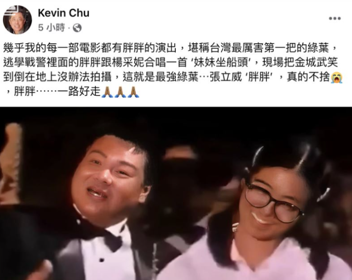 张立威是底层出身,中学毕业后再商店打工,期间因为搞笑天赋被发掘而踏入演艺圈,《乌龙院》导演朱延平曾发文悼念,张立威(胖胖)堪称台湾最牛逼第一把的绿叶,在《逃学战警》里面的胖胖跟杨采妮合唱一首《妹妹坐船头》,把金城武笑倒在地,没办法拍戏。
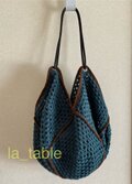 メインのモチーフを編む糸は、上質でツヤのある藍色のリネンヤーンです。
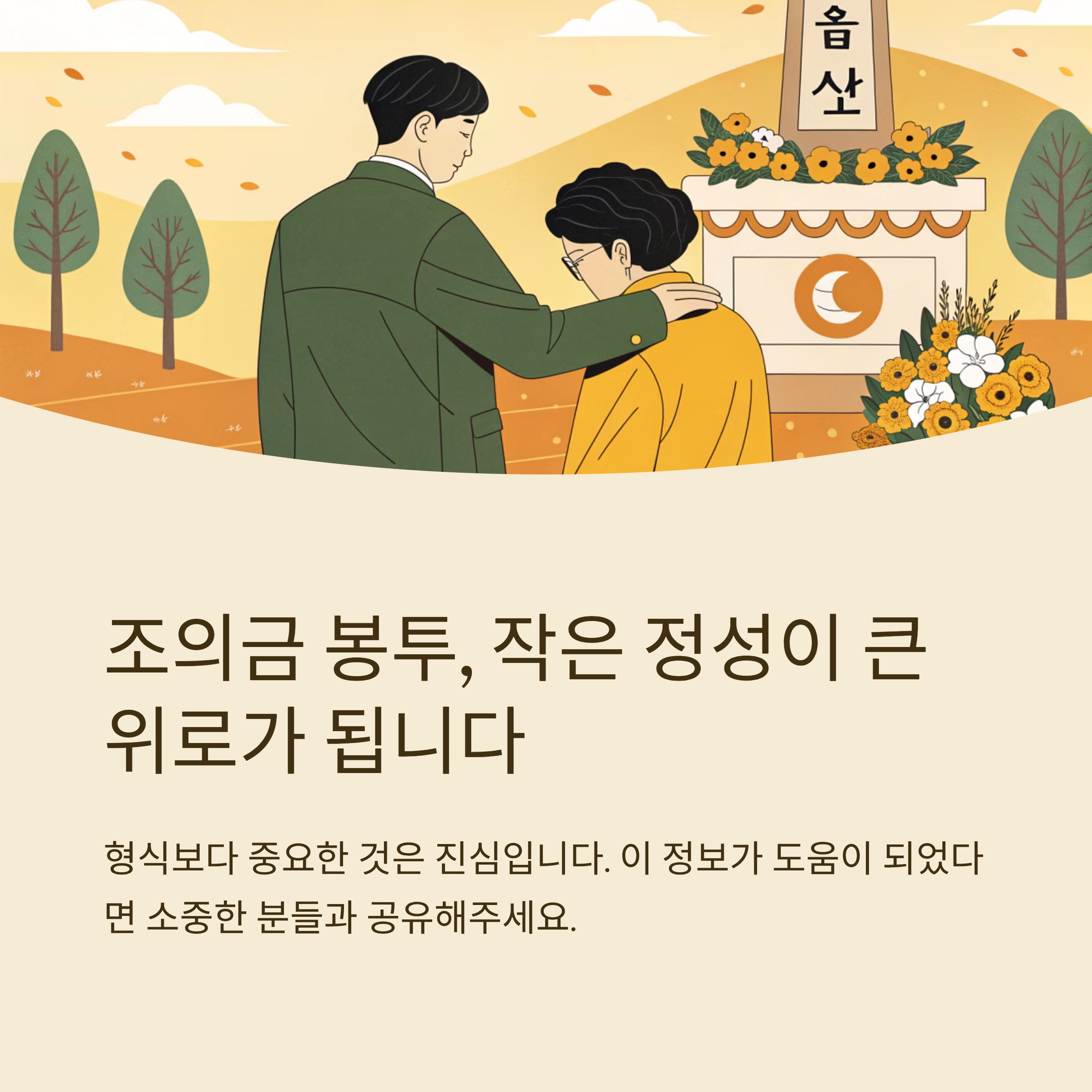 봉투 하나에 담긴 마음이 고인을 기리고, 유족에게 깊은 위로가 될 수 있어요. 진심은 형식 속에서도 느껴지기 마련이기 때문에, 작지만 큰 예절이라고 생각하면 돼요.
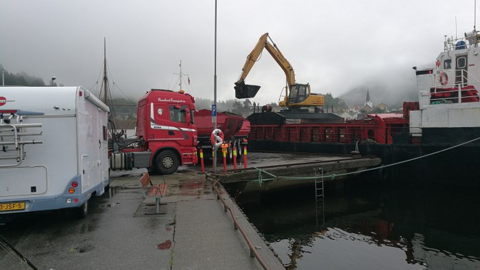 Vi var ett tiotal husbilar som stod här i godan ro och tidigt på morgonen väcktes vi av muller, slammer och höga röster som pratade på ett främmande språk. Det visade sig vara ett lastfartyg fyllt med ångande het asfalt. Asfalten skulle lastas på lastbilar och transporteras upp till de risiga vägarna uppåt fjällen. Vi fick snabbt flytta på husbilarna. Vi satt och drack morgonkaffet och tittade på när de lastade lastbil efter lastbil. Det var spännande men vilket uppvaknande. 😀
---
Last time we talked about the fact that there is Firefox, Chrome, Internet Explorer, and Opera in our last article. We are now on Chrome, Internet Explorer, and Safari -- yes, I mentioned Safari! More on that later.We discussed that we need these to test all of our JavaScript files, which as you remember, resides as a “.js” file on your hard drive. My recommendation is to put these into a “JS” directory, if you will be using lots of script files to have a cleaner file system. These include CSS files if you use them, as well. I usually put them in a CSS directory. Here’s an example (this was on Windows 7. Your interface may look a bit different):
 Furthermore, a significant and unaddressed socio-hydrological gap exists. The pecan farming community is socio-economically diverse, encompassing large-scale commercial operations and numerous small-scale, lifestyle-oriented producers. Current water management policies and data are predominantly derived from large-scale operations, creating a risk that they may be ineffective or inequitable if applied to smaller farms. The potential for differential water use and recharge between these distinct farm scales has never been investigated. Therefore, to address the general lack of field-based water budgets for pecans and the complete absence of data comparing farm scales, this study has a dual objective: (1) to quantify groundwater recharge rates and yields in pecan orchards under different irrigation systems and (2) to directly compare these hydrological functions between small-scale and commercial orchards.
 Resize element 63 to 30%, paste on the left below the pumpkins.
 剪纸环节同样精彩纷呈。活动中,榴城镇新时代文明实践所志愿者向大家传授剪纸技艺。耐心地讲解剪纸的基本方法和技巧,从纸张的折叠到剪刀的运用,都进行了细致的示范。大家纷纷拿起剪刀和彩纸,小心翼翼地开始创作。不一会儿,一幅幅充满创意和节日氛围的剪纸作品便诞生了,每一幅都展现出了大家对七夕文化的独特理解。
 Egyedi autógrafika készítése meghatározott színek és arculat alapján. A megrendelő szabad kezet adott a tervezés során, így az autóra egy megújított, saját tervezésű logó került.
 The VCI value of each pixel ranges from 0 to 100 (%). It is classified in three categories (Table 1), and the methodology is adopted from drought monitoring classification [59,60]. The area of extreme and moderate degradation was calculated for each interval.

#### The task
Your response should contain each line of the entries above that holds the string "this".

#### Exercise response
Last time we talked about the fact that there is Firefox, Chrome, Internet Explorer, and Opera in our last article. We are now on Chrome, Internet Explorer, and Safari -- yes, I mentioned Safari! More on that later.We discussed that we need these to test all of our JavaScript files, which as you remember, resides as a “.js” file on your hard drive. My recommendation is to put these into a “JS” directory, if you will be using lots of script files to have a cleaner file system. These include CSS files if you use them, as well. I usually put them in a CSS directory. Here’s an example (this was on Windows 7. Your interface may look a bit different):
 Furthermore, a significant and unaddressed socio-hydrological gap exists. The pecan farming community is socio-economically diverse, encompassing large-scale commercial operations and numerous small-scale, lifestyle-oriented producers. Current water management policies and data are predominantly derived from large-scale operations, creating a risk that they may be ineffective or inequitable if applied to smaller farms. The potential for differential water use and recharge between these distinct farm scales has never been investigated. Therefore, to address the general lack of field-based water budgets for pecans and the complete absence of data comparing farm scales, this study has a dual objective: (1) to quantify groundwater recharge rates and yields in pecan orchards under different irrigation systems and (2) to directly compare these hydrological functions between small-scale and commercial orchards.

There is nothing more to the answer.